Услышав сие, бросилась я к ее ногам и благодарила ее за великодушное ко мне покровительство, а она, подняв меня, продолжала так:
– Да, Вестона, ты теперь мне обязана своею жизнью, а я тебе буду своей, если ты пособишь моему предприятию. Слушай, я люблю Славурона и полюбила его с тех самых пор, когда покойная твоя госпожа начала его любить. Я знала, что и он ее любит; итак, не надеясь тогда искоренить из сердца его такой страсти, коя одною смертью изгоняется, старалась и свою к нему скрывать и умерять; но теперь смерть Филоменина воздвигла ее на высочайшую степень надежды, и ласкаюсь, что помощью твоею могу пользоваться его нежною любовью, которую он ощущал к моей совместнице, и кою теперь питать ему к ней бесполезно и поздно.

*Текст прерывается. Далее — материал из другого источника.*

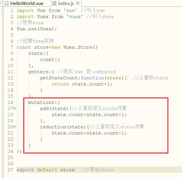 修改index.js文件,添加mutations,在mutations中定义两个函数,用来对count加1和减1,这里定义的两个方法就是上面commit提交的两个方法如下: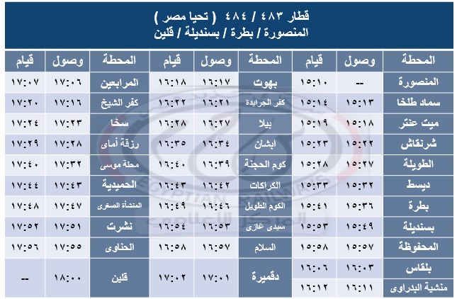 – تشغيل قطار 483 – 484 ( خدمة جديدة ) بعربات تحيا مصر بين محطتى المنصورة وقلين حيث يقوم من محطة المنصورة الساعة 15:10 ويصل محطة قلين الساعة 18:00 طبقاً للجدول المرفق .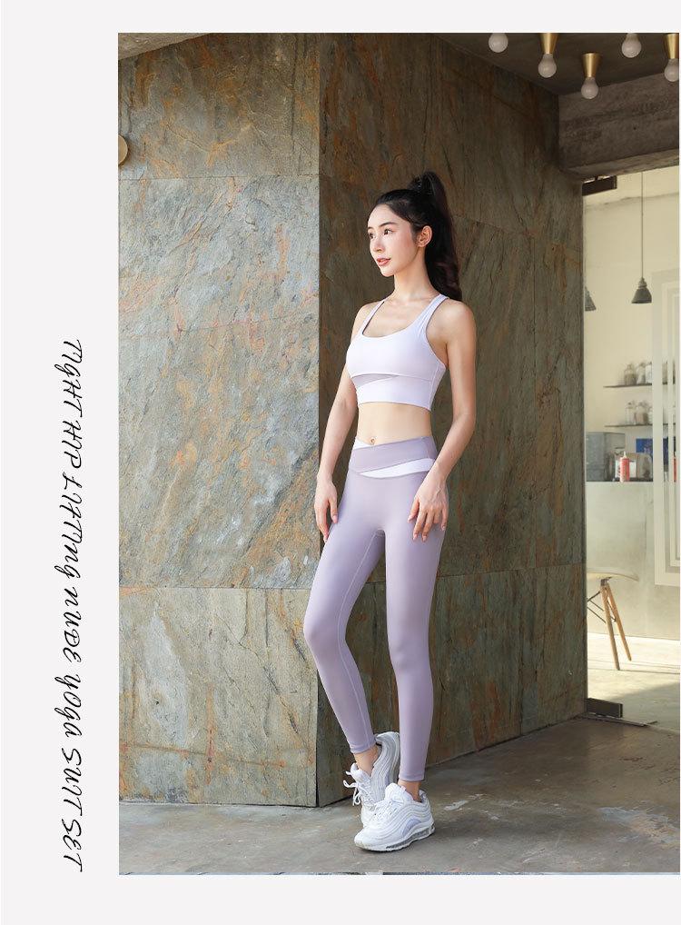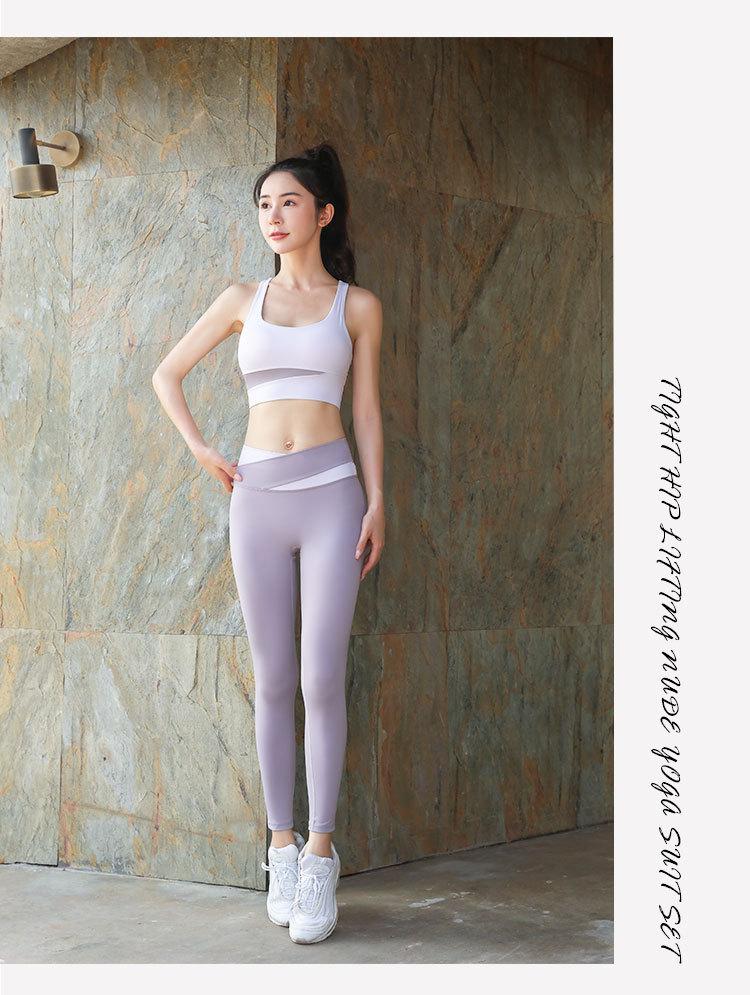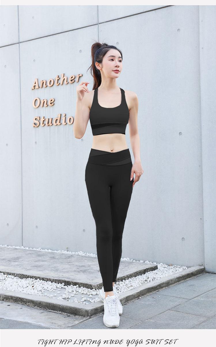 Conjunto de Ropa de Yoga Elástica para Mujer, Pantalones Deportivos de Nailon de Doble Cara con Sensación Nude, Conjunto de Dos Piezas para Correr, Entrenar, Fitness, Alta Elasticidad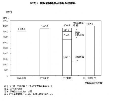 本調査における糖尿病市場とは、「予防(食品)」、「検査・診断」、「治療」の市場から構成される。予防(食品)市場は、糖尿病者向け組み合わせ食品、特定保健用食品(血糖値関連)、低カロリー甘味料が該当する。検査・診断市場は自己血糖測定器(試薬・採血用穿刺器具含む)と尿糖測定器・試験紙が含まれる。治療市場は、糖尿病治療薬(血糖降下剤、インスリン製剤)、合併症治療薬(糖尿病性神経障害治療薬)が対象となっている。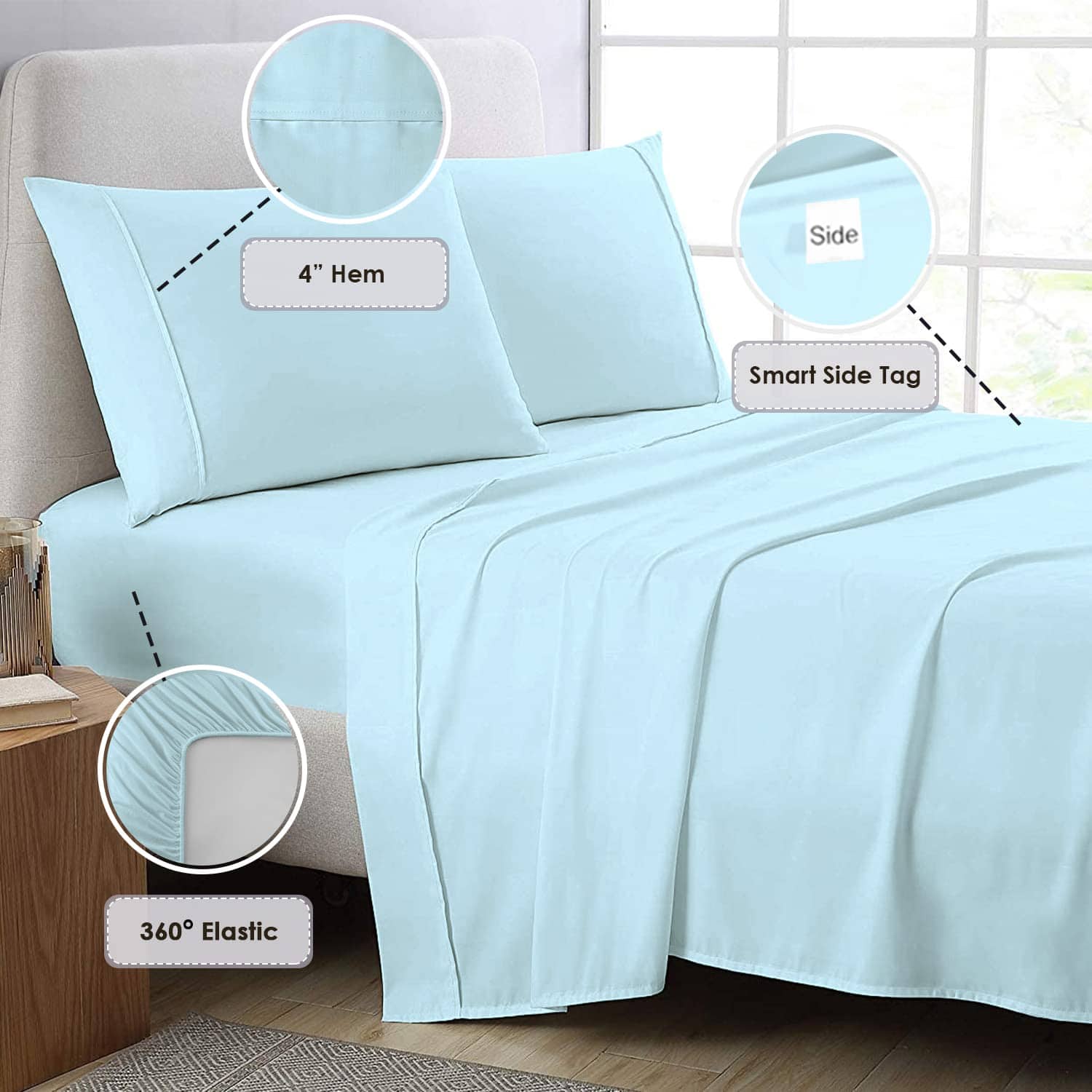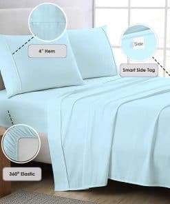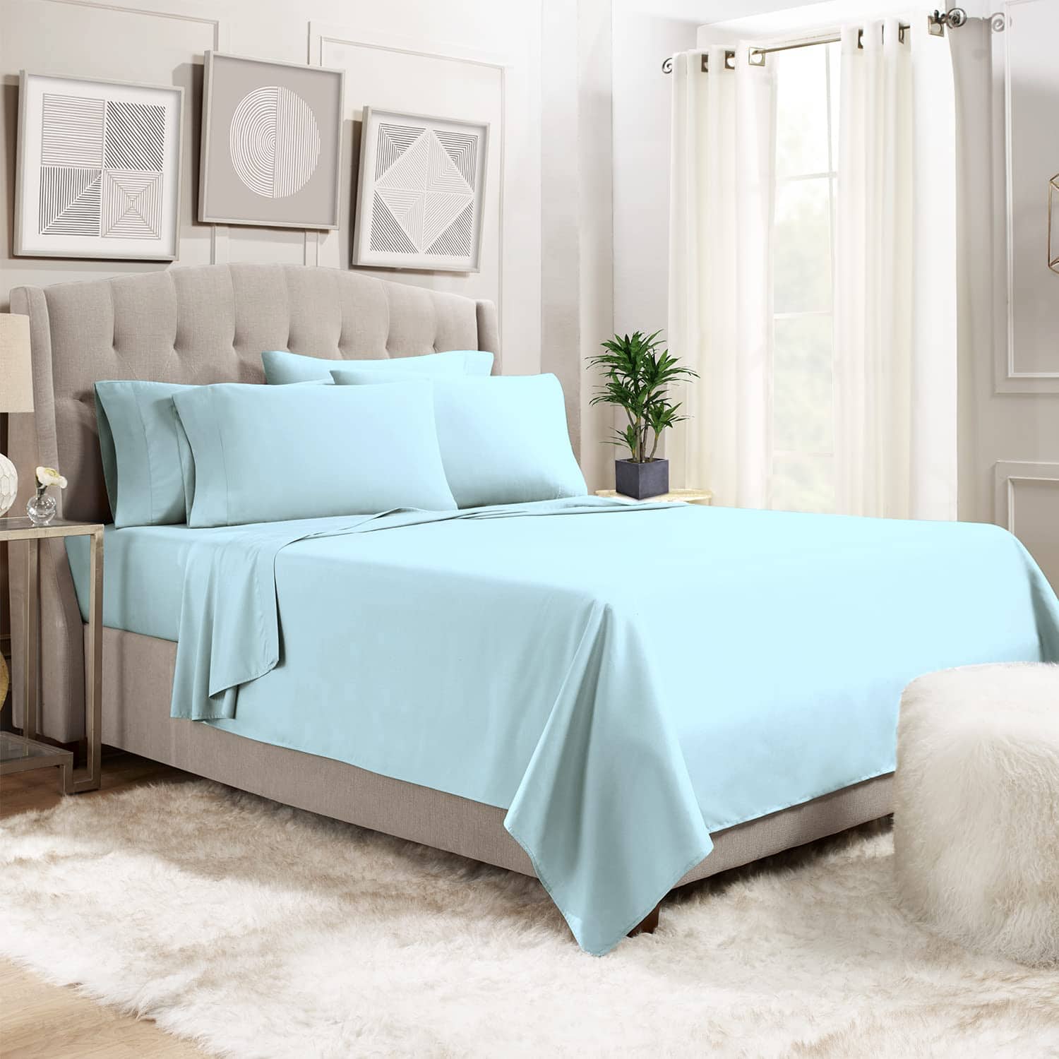 Crea un ambiente de lujo con este juego de sábanas Queen de 6 piezas. Incluye: 1 Sábana Plana Queen (90″ x 102″) – Absorbe rápidamente el sudor y protege de manchas, garantizando frescura al edredón. 1 Sábana Ajustable con bolsillo profundo (60″ x 80″ + 15″) – Cuenta con un exclusivo tejido patentado que tiene un elástico grueso y de alta calidad para un ajuste firme en colchones de 8″ a 15″ de grosor. 4 Fundas de Almohada Queen (20″ x 30″) con un estilo Pizuna con dobladillo de 4″ que da un aspecto elegante y una noche de sueño confortable.

Окончав свою речь, она замолчала и ожидала от меня ответа, а я не знала, что ей сказать; нечаянное ее открытие смутило меня несказанно; наконец, боясь ее прогневать долгим молчанием, ответствовала ей так:
– Милость твоя, государыня, оказанная мне в спасении моей жизни, столь для меня велика, что я не перестану во весь мой век ее чувствовать и молить богов, чтоб они наградили тебя за нее тьмократно. Что же касается до Славурона, то я хотя охотно желаю тебе услужить, но не знаю, как сие дело начать; первое, то, что я в заключении и не могу его сыскать…
– Нет, – перехватила она, – ты его можешь завтра же найти, ибо он по приказу моего родителя взят и посажен в ту же темницу, в которой и ты находилась; ты можешь к нему завтра пойти и объявить, что я его люблю и что спасение жизни его зависит от ответствования его на мою любовь; впрочем, ни ты, ни он без сего не останетесь живы.
Сказав сие, она ушла и оставила меня в ужасе, жесточайшем прежнего.
Потом вскоре после сего пришел ко мне начальник стражи и отвез меня опять в сию темницу, подтверждая мне слова госпожи своей, а сего дня по приказанию приведена я к тебе, чтоб известить тебя обо всем том и получить на то от тебя ответ.
Окончив свою речь, Вестона замолчала и ожидала от меня оного.
– Представь ты себе, – молвил Славурон, – каково тогда было мое смущение. Мысли мои и так уже были устрашены темницею, а смерть любезной моей незнакомки почти лишила меня разума; но принуждение отдать мое сердце другой, коей отец лишил меня всего того, что льстило мне на свете, показалось отверстым адом. Я пришел в ужасное бешенство, проклинал причинителя общего нашего несчастья, оплакивал смерть моей возлюбленной, негодовал на ее совместницу и выговаривал с укоризною Вестоне за неверность ее к своей госпоже и за подлую робость к смерти; потом приготовлялся великодушно умереть. Вестона, со своей стороны, прилагала все способы меня утешить и склонить на свое требование, не оставила ни ласкательства, ни слез, ни вздохов, которыми бы ей тронуть меня было возможно, но ничем не могла поколебать меня и так ушла, угрожая мне скорою смертью. Я остался один и призывал смерть, чтобы она меня сама сразила и лишила бы тем стыда умереть под рукою палача.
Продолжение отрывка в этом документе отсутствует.